我有一个Postgres 9.1数据库。我试图生成每周的记录数(对于给定的日期范围)并将其与上一年进行比较。
我有以下代码用于生成系列:
select generate_series('2013-01-01', '2013-01-31', '7 day'::interval) as series
但是,我不知道如何将计算的记录加入到生成的日期。
因此,使用以下记录作为示例:
Pt_ID exam_date
====== =========
1 2012-01-02
2 2012-01-02
3 2012-01-08
4 2012-01-08
1 2013-01-02
2 2013-01-02
3 2013-01-03
4 2013-01-04
1 2013-01-08
2 2013-01-10
3 2013-01-15
4 2013-01-24
我希望将记录返回为:
series thisyr lastyr
=========== ===== =====
2013-01-01 4 2
2013-01-08 3 2
2013-01-15 1 0
2013-01-22 1 0
2013-01-29 0 0
不确定如何在子搜索中引用日期范围。感谢您的帮助。
答案 0 :(得分:3)
简单的方法是通过@jpw演示的CROSS JOIN来解决这个问题。但是,有一些隐藏的问题:
无条件CROSS JOIN
的效果随着行数的增加而迅速恶化。在聚合中处理这个巨大的派生表之前,总行数乘以您要测试的周数。索引无法提供帮助。

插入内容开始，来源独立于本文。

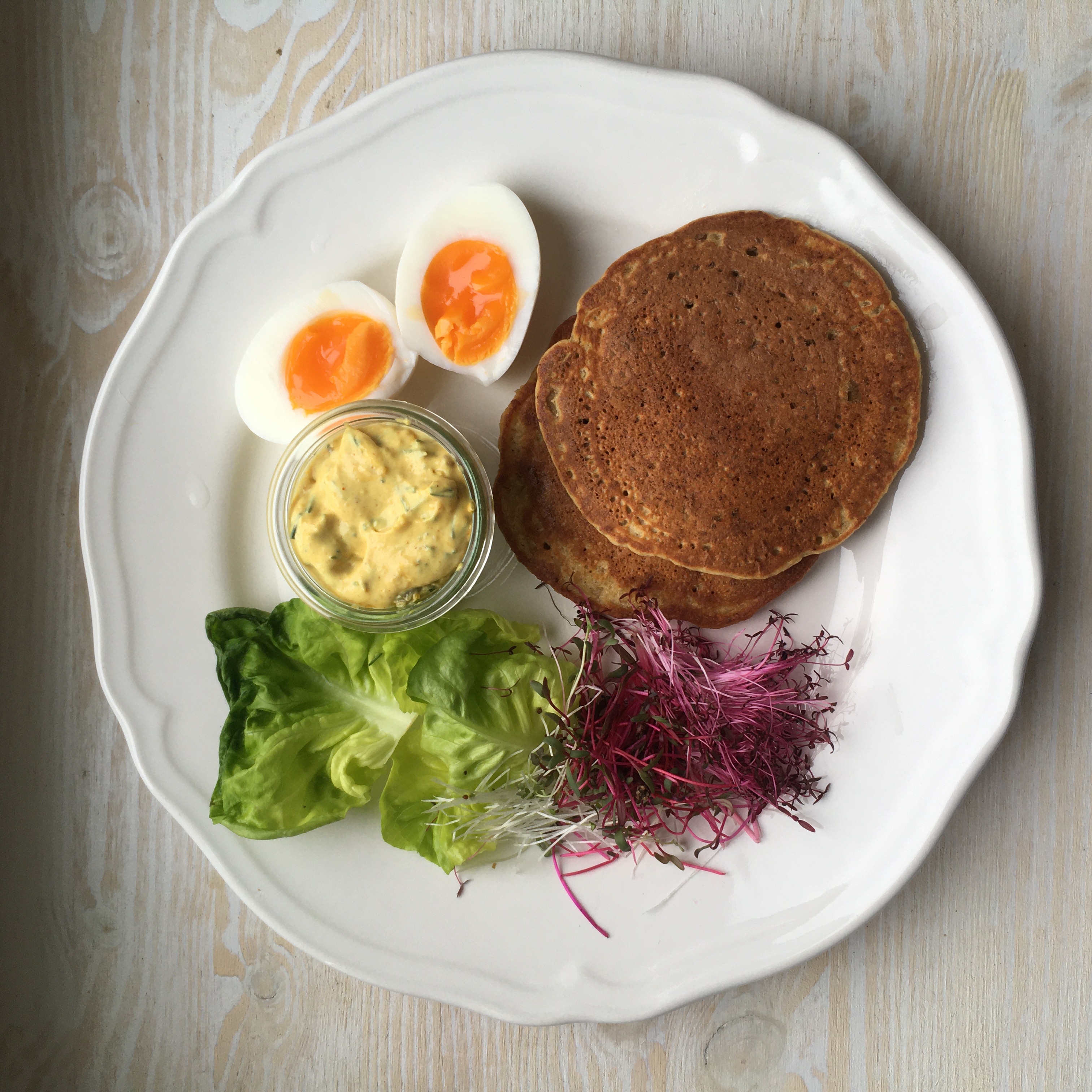 [1] Egy serpenyőben felmelegítjük a 2 evőkanál olajat, rádobjuk a gyömbért, a fokhagymát, a csilit és az újhagymát majd 6 perc alatt megpirítjuk őket. Félretesszük hűlni. [2] Eközben egy nagy edényben összekeverjük a liszteket a sóval, sütőporral, szénsavas vízzel, ecettel, római kömyénnyel és a garam masalával. 15 percig állni hagyjuk, hogy az ízek összeérjenek, majd a kihűlt pirított gyömbéres keveréket is hozzákeverjük. [3] Egy tapadásmentes palacsintasütőt felforrósítunk, fél evőkanál olajjal megkenjük, majd egy merőkanálnyi tésztát öntönk bele (kb. 80 gr). Oldalanként kb. 2 perc alatt aranybarnára sütjük, pufinak kell lenniük, mint egy amerikai palacsintának. [4] Tálaláskor a joghurtot a mangó savanyúsággal egy tálkában elkeverjük, a palacsintához ezt a szószt, friss tavaszi zöldeket (salátát, mikrozöldeket) és 7-8 perces tojást adunk.

1月1日开始的几周会导致不一致。 ISO周可能是另一种选择。见下文。
以下所有问题都会大量使用exam_date
上的索引。一定要有一个。
应该更快:
SELECT d.day, d.thisyr
, count(t.exam_date) AS lastyr
FROM (
SELECT d.day::date, (d.day - '1 year'::interval)::date AS day0 -- for 2nd join
, count(t.exam_date) AS thisyr
FROM generate_series('2013-01-01'::date
, '2013-01-31'::date -- last week overlaps with Feb.
, '7 days'::interval) d(day) -- returns timestamp
LEFT JOIN tbl t ON t.exam_date >= d.day::date
AND t.exam_date < d.day::date + 7
GROUP BY d.day
) d
LEFT JOIN tbl t ON t.exam_date >= d.day0 -- repeat with last year
AND t.exam_date < d.day0 + 7
GROUP BY d.day, d.thisyr
ORDER BY d.day;
这是从1月1日开始的几个星期,就像你原来的一样。正如评论的那样,这产生了一些不一致的地方:每周从不同的一天开始,自从我们在年底切断,一年的最后一周只有1或2天(闰年)。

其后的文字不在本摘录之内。